## DATASET EXCERPTS
*****

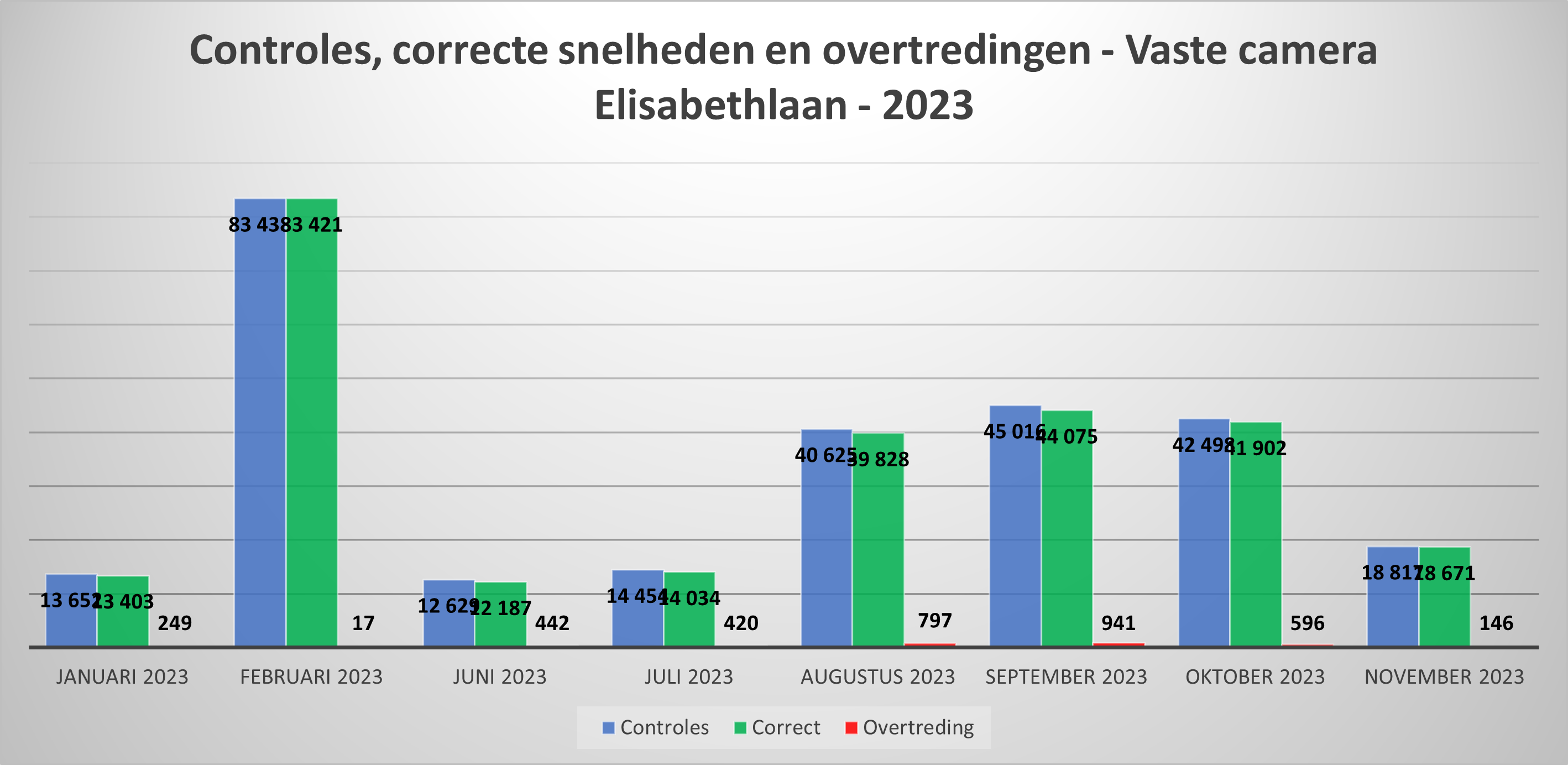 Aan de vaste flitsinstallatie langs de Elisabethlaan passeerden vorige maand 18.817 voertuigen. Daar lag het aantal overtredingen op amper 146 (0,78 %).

*****

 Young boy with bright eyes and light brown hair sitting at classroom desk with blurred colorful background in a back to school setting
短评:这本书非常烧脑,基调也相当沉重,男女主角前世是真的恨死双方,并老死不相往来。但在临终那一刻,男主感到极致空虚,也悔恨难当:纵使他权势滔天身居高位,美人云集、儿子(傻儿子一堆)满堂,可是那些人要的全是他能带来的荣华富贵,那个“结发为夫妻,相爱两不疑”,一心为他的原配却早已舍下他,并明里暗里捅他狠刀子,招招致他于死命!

*****

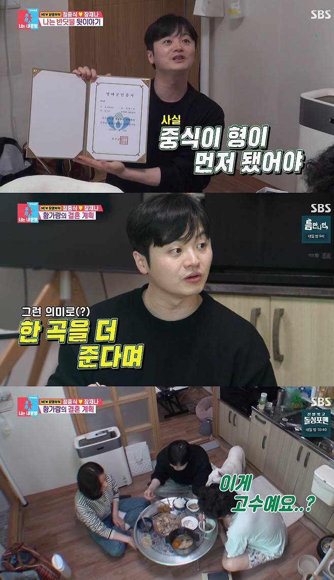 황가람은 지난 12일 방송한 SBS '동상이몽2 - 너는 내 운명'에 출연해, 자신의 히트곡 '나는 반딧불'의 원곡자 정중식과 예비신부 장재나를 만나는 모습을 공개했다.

*****

## TASK ITEM
Begin at the line above that has "Young boy with" and stop after the line that has "短评:这本书非常烧脑,基调也", copying each line exactly and adding nothing else.

## TASK RESULT
 Young boy with bright eyes and light brown hair sitting at classroom desk with blurred colorful background in a back to school setting
短评:这本书非常烧脑,基调也相当沉重,男女主角前世是真的恨死双方,并老死不相往来。但在临终那一刻,男主感到极致空虚,也悔恨难当:纵使他权势滔天身居高位,美人云集、儿子(傻儿子一堆)满堂,可是那些人要的全是他能带来的荣华富贵,那个“结发为夫妻,相爱两不疑”,一心为他的原配却早已舍下他,并明里暗里捅他狠刀子,招招致他于死命!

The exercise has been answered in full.